- **Material to process**
+---+
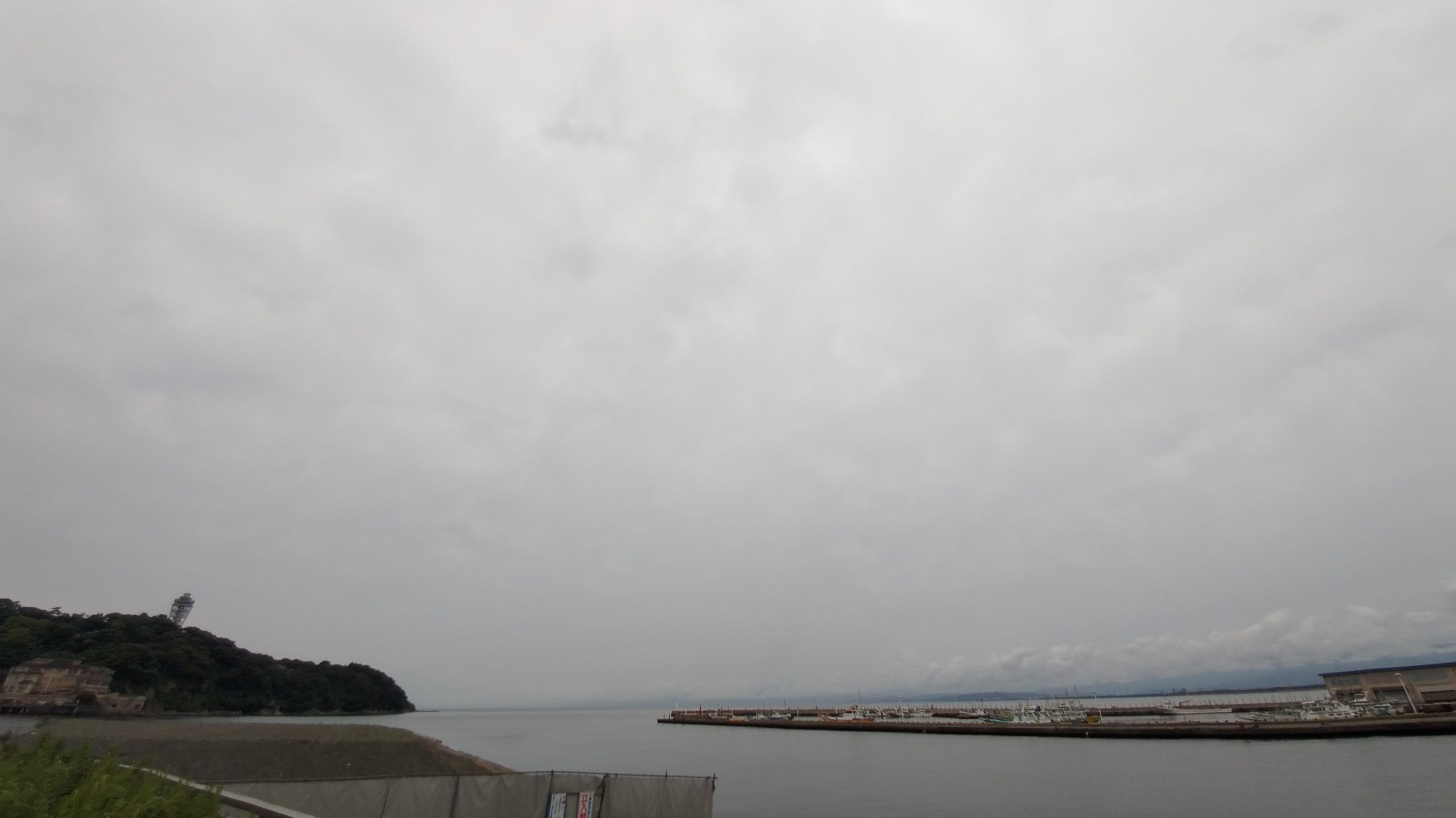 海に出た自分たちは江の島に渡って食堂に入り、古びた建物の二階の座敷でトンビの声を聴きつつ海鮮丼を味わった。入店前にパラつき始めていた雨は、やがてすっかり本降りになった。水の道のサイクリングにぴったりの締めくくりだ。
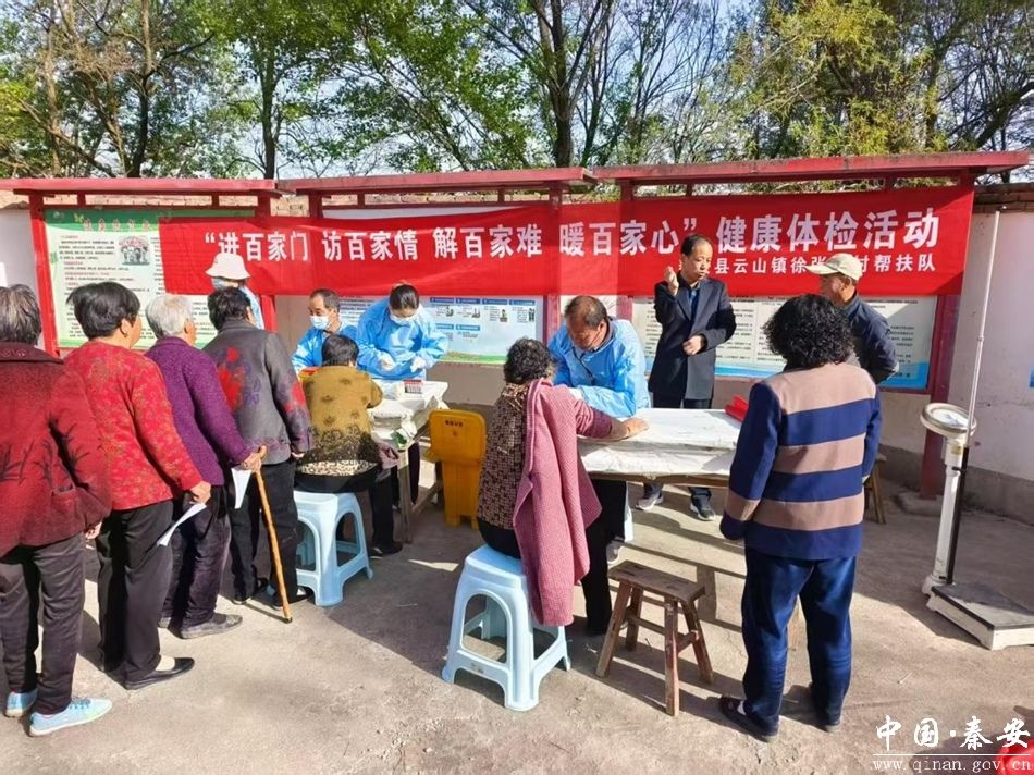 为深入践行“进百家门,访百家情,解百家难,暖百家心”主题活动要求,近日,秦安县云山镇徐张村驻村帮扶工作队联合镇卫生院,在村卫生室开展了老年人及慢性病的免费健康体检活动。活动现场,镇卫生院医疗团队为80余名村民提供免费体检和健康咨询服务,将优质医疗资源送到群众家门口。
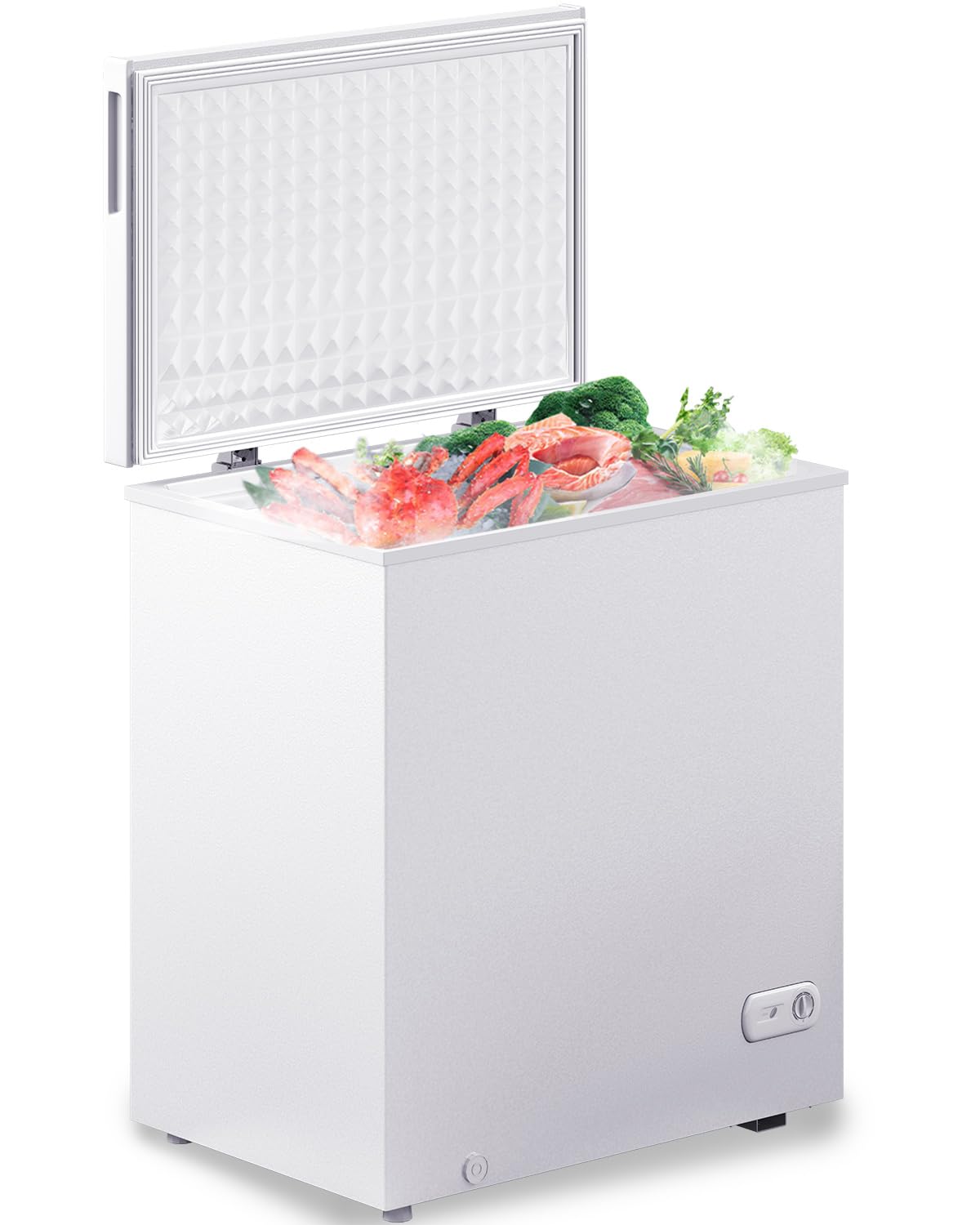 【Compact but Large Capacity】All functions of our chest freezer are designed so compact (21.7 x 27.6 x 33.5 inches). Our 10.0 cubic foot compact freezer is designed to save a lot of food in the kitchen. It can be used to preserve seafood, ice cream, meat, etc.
+---+
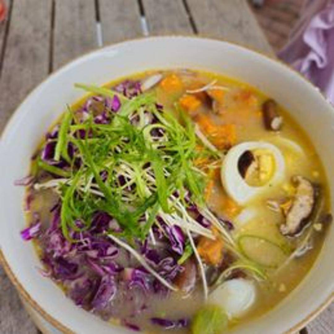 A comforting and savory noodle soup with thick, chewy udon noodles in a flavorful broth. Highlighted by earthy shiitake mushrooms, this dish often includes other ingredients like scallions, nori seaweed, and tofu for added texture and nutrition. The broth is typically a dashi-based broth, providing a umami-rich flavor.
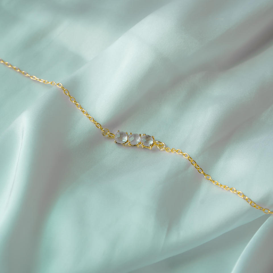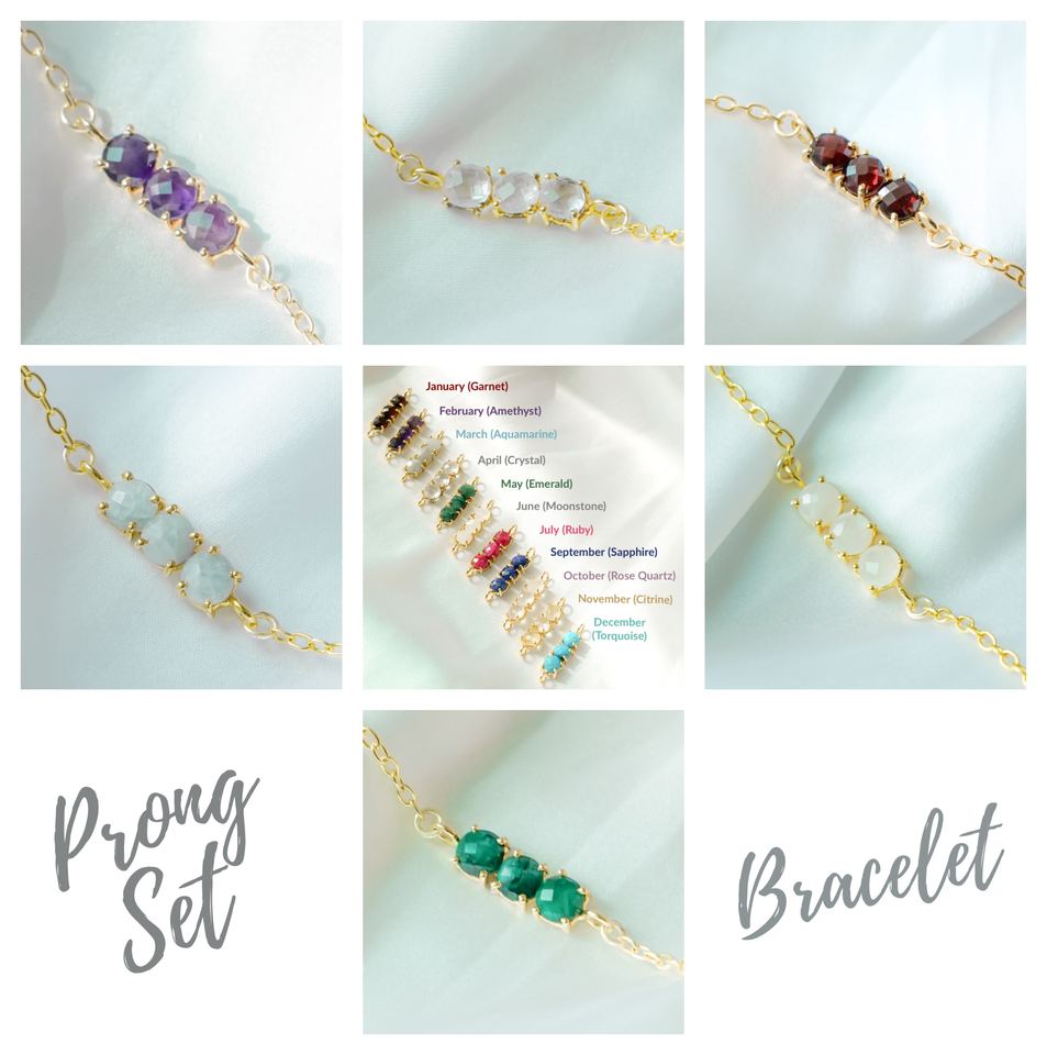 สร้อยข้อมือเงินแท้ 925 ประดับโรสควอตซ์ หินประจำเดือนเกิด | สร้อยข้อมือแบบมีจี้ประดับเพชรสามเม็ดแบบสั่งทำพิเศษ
+---+
- **Problem requirements**
Of the lines above, quote exactly those from the one with "海に出た自分たちは江の島に渡" through the one with "cream, meat, etc.", ends included; pictures stay out.

- **Exercise result**
 海に出た自分たちは江の島に渡って食堂に入り、古びた建物の二階の座敷でトンビの声を聴きつつ海鮮丼を味わった。入店前にパラつき始めていた雨は、やがてすっかり本降りになった。水の道のサイクリングにぴったりの締めくくりだ。
 为深入践行“进百家门,访百家情,解百家难,暖百家心”主题活动要求,近日,秦安县云山镇徐张村驻村帮扶工作队联合镇卫生院,在村卫生室开展了老年人及慢性病的免费健康体检活动。活动现场,镇卫生院医疗团队为80余名村民提供免费体检和健康咨询服务,将优质医疗资源送到群众家门口。
 【Compact but Large Capacity】All functions of our chest freezer are designed so compact (21.7 x 27.6 x 33.5 inches). Our 10.0 cubic foot compact freezer is designed to save a lot of food in the kitchen. It can be used to preserve seafood, ice cream, meat, etc.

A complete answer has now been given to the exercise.